Designing metal-free g-C3N4 based photocatalytic system with efficient photocatalytic activity has received enormous attention in the field of environmental remediation because of its great potential for removing refractory contaminants. Herein, a novel metal organic framework (ZIF-8)-derived nitrogen doped carbon (ZIF-NC) modified g-C3N4 heterostructured composite was synthesized through a facile thermal treatment method. Benefiting from the hierarchical porosity, conductive network, and abundant exposed active sites for peroxymonosulfate (PMS) activation of MOF-derived nitrogen doped carbon, the introduction of MOF-derived nitrogen doped carbon into g-C3N4 not only facilitates the charge separation of g-C3N4 but also greatly accelerates PMS activation to yield high active SO4− radical. The energy band diagrams derived from Mott-Schottky, valence band X-ray photoelectron spectroscopy and ultraviolet photoelectron spectroscopy studies indicate that the formed heterojunction between g-C3N4 and ZIF-NC is Schottky type.
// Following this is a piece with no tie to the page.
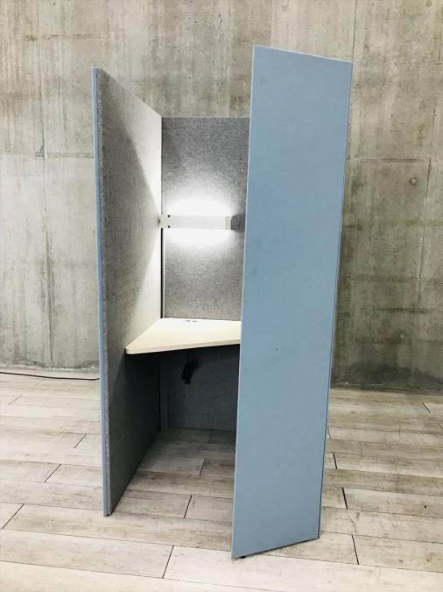 【ワーカーの集中を高めるミニマムなワークブース!】■オカムラ(okamura)製 ドレープシリーズ (テトラタイプ) 集中ワークブース ソロワークブース (W1000/D1000/H1910) ■ブルー×ライトグレー- 在庫数

The ZIF-NC with lower Fermi level energy can serve as an excellent electron accepter to enable fast electron transfer from the conduction band of g-C3N4 to ZIF-NC and boost the charge separation of g-C3N4. Photoelectrochemical tests combined with multiple spectroscopic techniques further confirm the enhanced charge carrier separation performance of composite. As a result, the as-prepared hybrids displayed remarkably improved photocatalytic activities toward bisphenol A (BPA) degradation in the presence of PMS under visible light irradiation. The apparent rate constant, k, for BPA degradation of the ZIF-NC/g-C3N4 composites with PMS is approximately 8.6 times as high as that of bare g-C3N4. This work provides a promising approach on the rational design of high-performance, cost-effective photocatalysts for environmental remediation.